# Dataset extract

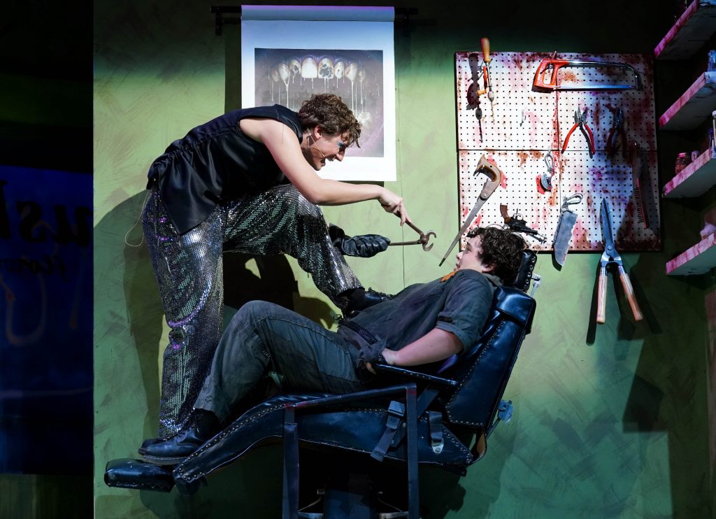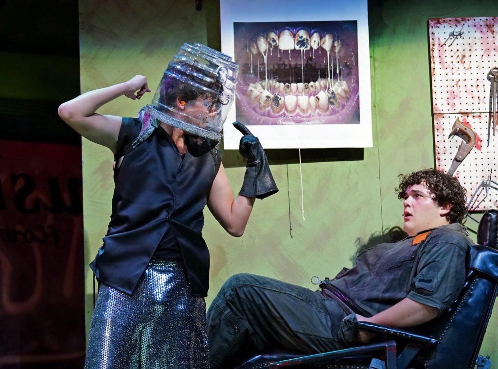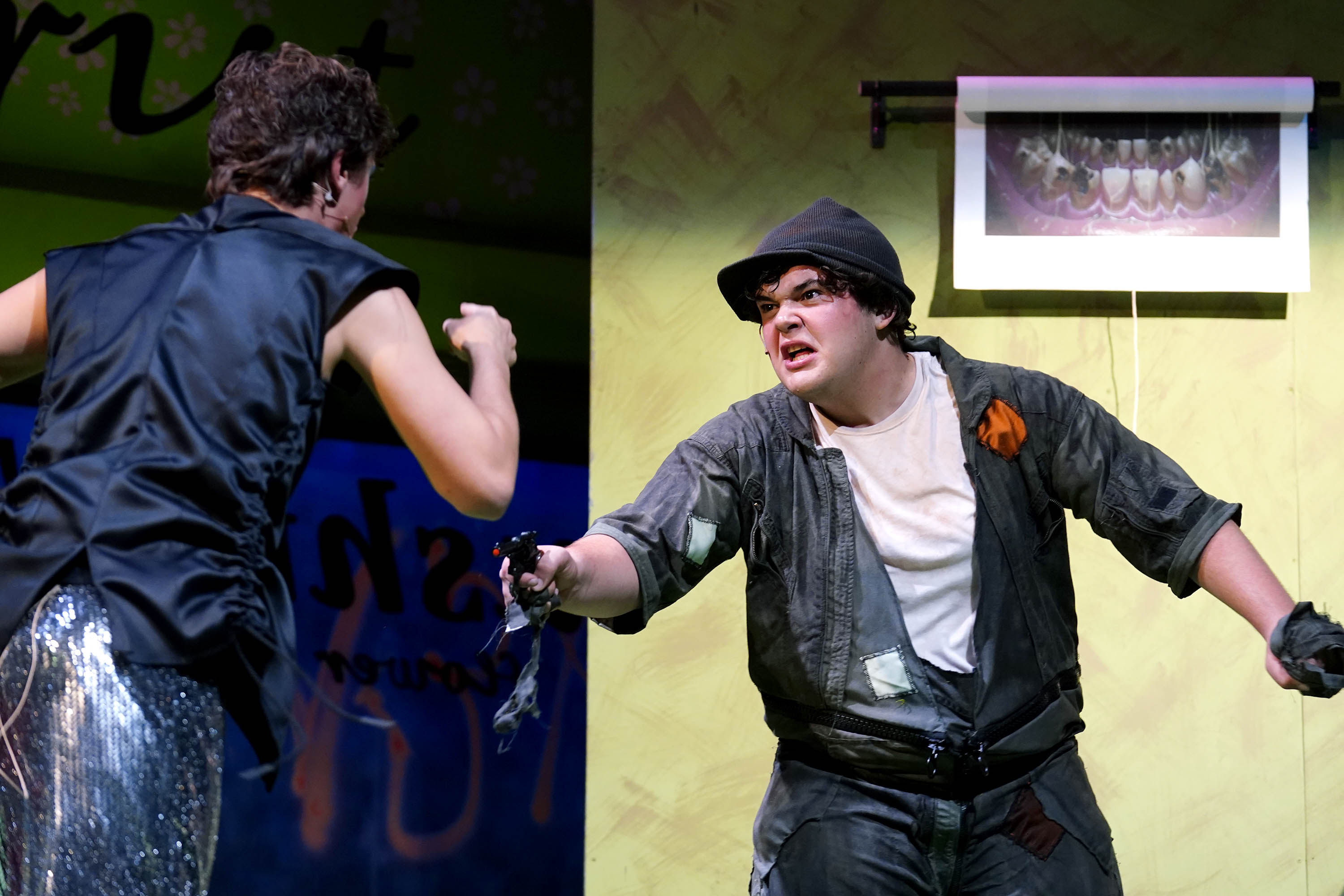 Orin (Carter Giannetti, right) notices that Seymour (Erick Resendiz) needs some dental work during a dress rehearsal for the theatre department’s production of “Little Shop of Horrors” at Ethington Theatre on Nov. 5, 2025. -
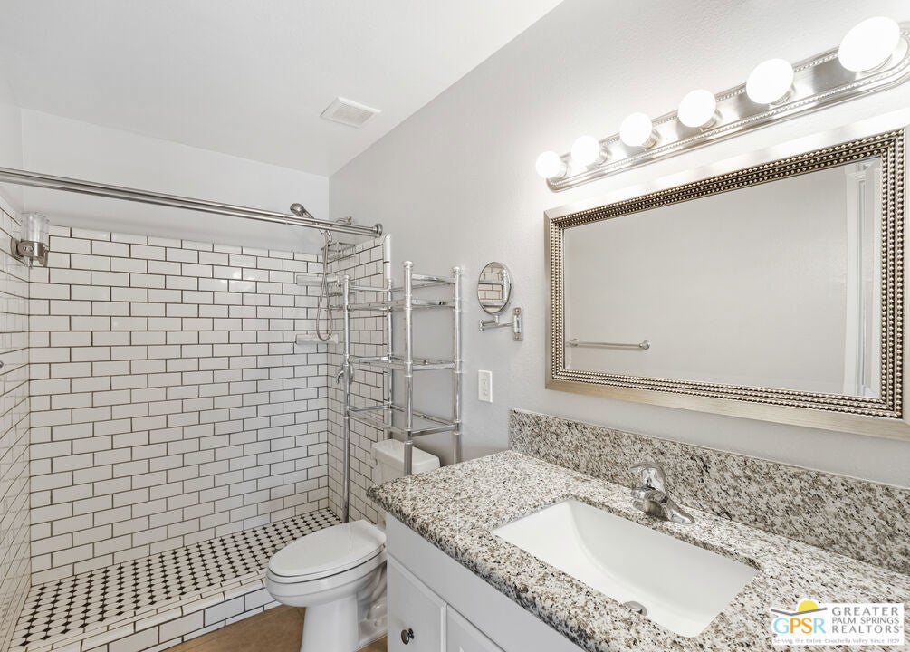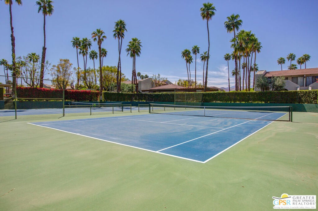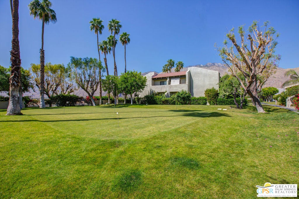 Sweet, adorable ground level 1 bedroom, 1 bath condo located in Case Verde in Central Palm Springs. Perfect for a first time home buyer, a weekender, a long term rental investor, or anyone looking to down size! This condo is near but still a healthy space away from the pool area. In front of the condo is a putting green/greenbelt area. Once through the outer gate in the spacious patio, turn around and note the glorious mountain views! This unit is ready to move in and adorn with your personal touches. Casa Verde is a pristine, well maintained complex. It is located a stone's through from the Convention Center, Casino and Downtown PS, The washer and dryer are located in the unit. Besides the spacious patio outside the front door, there is also a smaller patio outside the Primary bedroom. Palm Springs living doesn't get better than this!
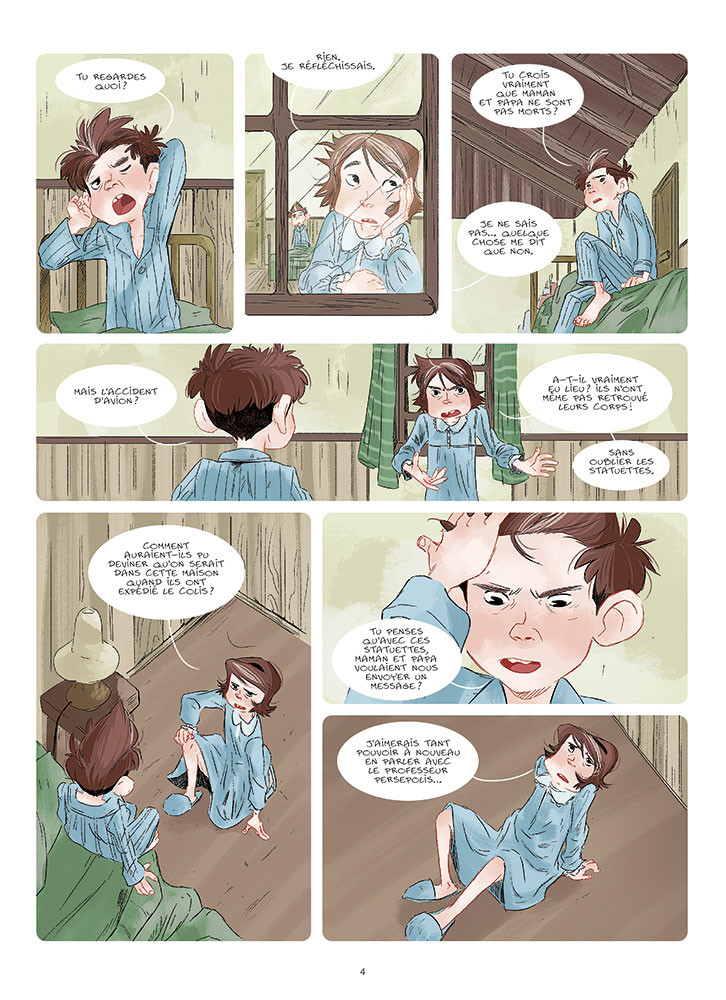 Résumé: Plein de questions bourdonnent dans la tête de Ashley et Joyce. Qui a volé les cinq statuettes de la maison de oncle Markus et tante Zelda ? Qui a tué le professeur Persepolis ? Qui est le personnage mystérieux qui essaie de les aider ? Est ce que leurs parents sont morts pour de vrai ? Pas une seule réponse, mais une seule certitude : Rien n’est comme il semble.
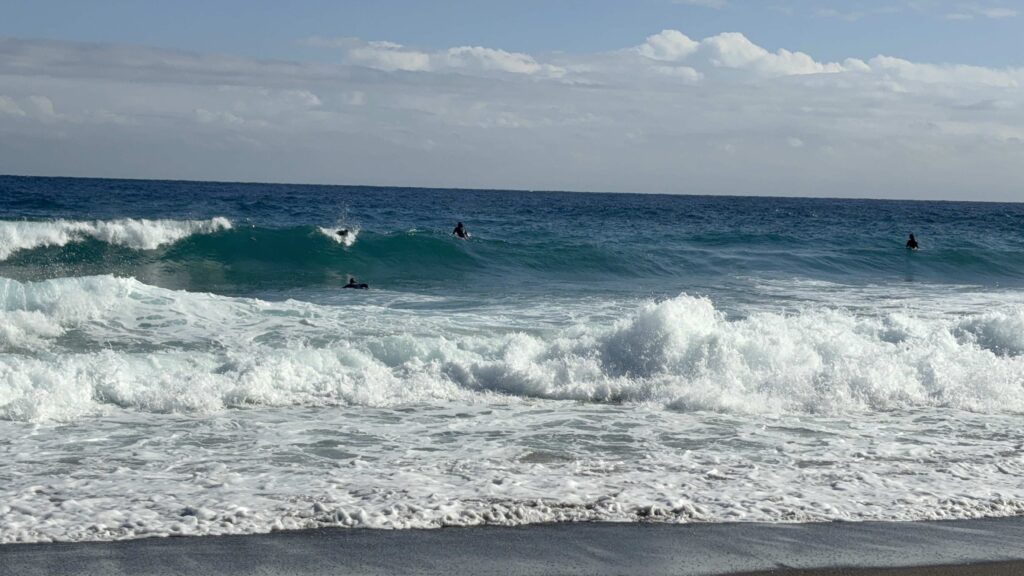 二つ目のポイントに着くと、そこでは島のベテランサーファーたちが、力強く、そしてしなやかに波に乗っていました。

# What to work on
I need the lines from the line holding "Sweet, adorable ground" through the end of the material, inclusive, restated word for word and without pictures.

# Result
 Sweet, adorable ground level 1 bedroom, 1 bath condo located in Case Verde in Central Palm Springs. Perfect for a first time home buyer, a weekender, a long term rental investor, or anyone looking to down size! This condo is near but still a healthy space away from the pool area. In front of the condo is a putting green/greenbelt area. Once through the outer gate in the spacious patio, turn around and note the glorious mountain views! This unit is ready to move in and adorn with your personal touches. Casa Verde is a pristine, well maintained complex. It is located a stone's through from the Convention Center, Casino and Downtown PS, The washer and dryer are located in the unit. Besides the spacious patio outside the front door, there is also a smaller patio outside the Primary bedroom. Palm Springs living doesn't get better than this!
 Résumé: Plein de questions bourdonnent dans la tête de Ashley et Joyce. Qui a volé les cinq statuettes de la maison de oncle Markus et tante Zelda ? Qui a tué le professeur Persepolis ? Qui est le personnage mystérieux qui essaie de les aider ? Est ce que leurs parents sont morts pour de vrai ? Pas une seule réponse, mais une seule certitude : Rien n’est comme il semble.
 二つ目のポイントに着くと、そこでは島のベテランサーファーたちが、力強く、そしてしなやかに波に乗っていました。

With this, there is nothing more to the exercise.